◆ **Raw data**
______________________________

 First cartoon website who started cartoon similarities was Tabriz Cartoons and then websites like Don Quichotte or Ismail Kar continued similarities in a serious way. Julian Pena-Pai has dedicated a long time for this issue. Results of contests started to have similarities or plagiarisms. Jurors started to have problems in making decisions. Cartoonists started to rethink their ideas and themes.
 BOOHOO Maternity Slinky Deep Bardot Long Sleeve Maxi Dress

______________________________

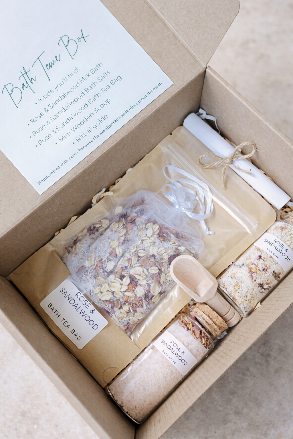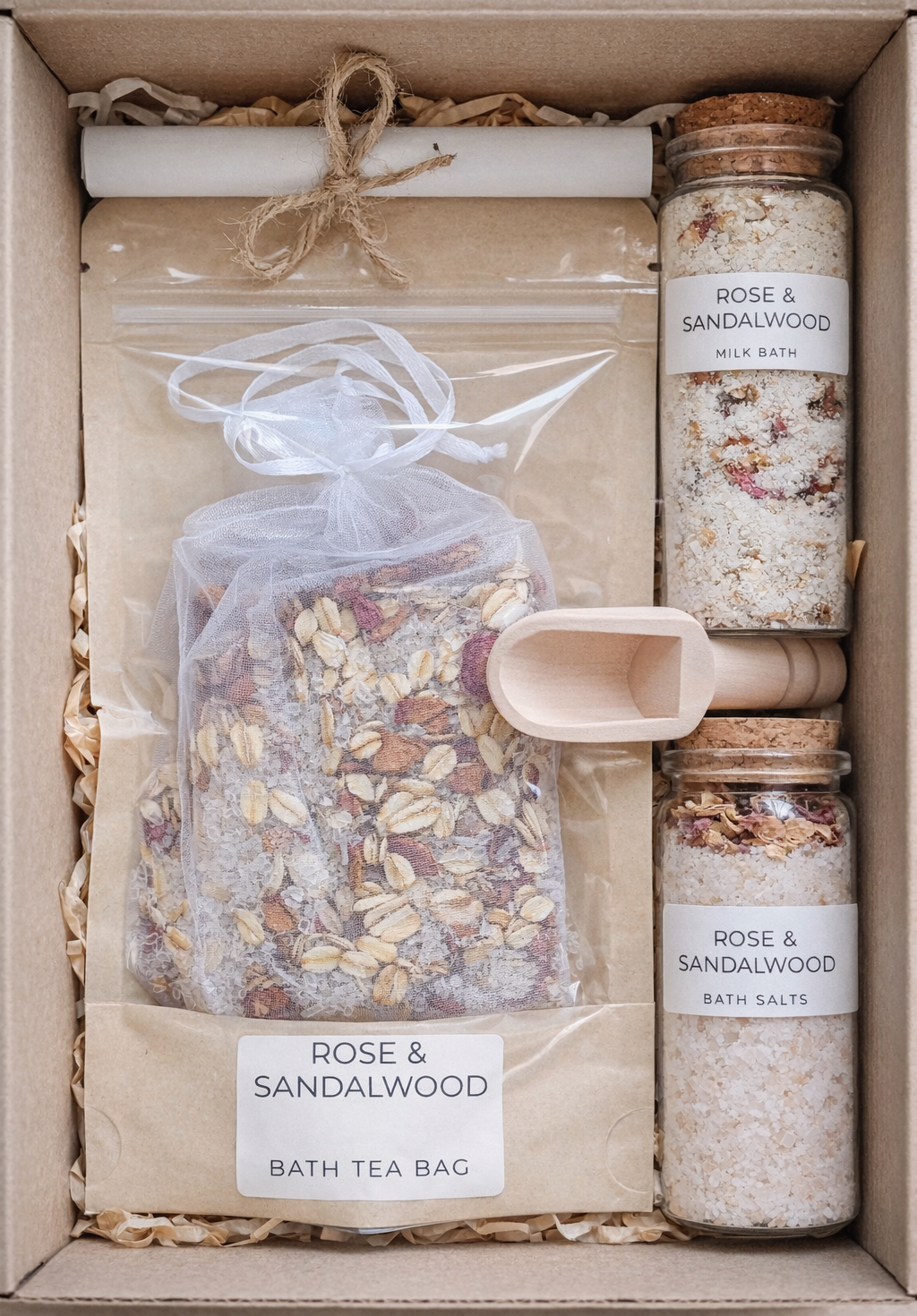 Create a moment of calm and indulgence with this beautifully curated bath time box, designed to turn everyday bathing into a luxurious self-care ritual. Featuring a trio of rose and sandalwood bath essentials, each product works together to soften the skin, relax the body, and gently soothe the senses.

______________________________

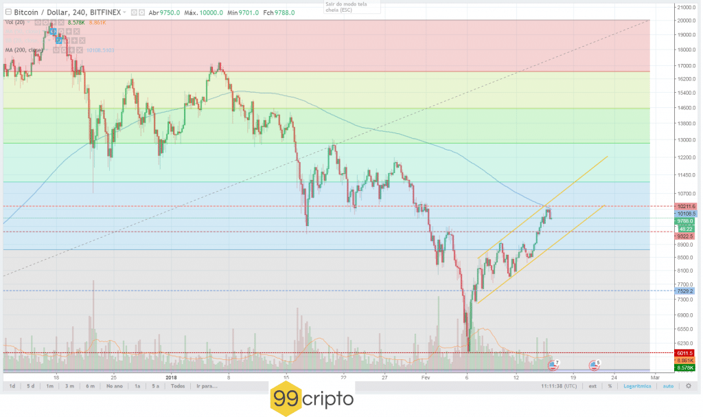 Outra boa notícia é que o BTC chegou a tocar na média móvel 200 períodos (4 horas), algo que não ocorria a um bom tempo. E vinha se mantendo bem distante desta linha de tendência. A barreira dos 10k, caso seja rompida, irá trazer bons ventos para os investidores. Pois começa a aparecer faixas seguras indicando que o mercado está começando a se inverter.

______________________________

◆ **Instructions to follow**
Scan the listing above for the line that has "First cartoon website", then copy exactly from that line through the line that has "BOOHOO Maternity Slinky".

◆ **Answer to the exercise**
 First cartoon website who started cartoon similarities was Tabriz Cartoons and then websites like Don Quichotte or Ismail Kar continued similarities in a serious way. Julian Pena-Pai has dedicated a long time for this issue. Results of contests started to have similarities or plagiarisms. Jurors started to have problems in making decisions. Cartoonists started to rethink their ideas and themes.
 BOOHOO Maternity Slinky Deep Bardot Long Sleeve Maxi Dress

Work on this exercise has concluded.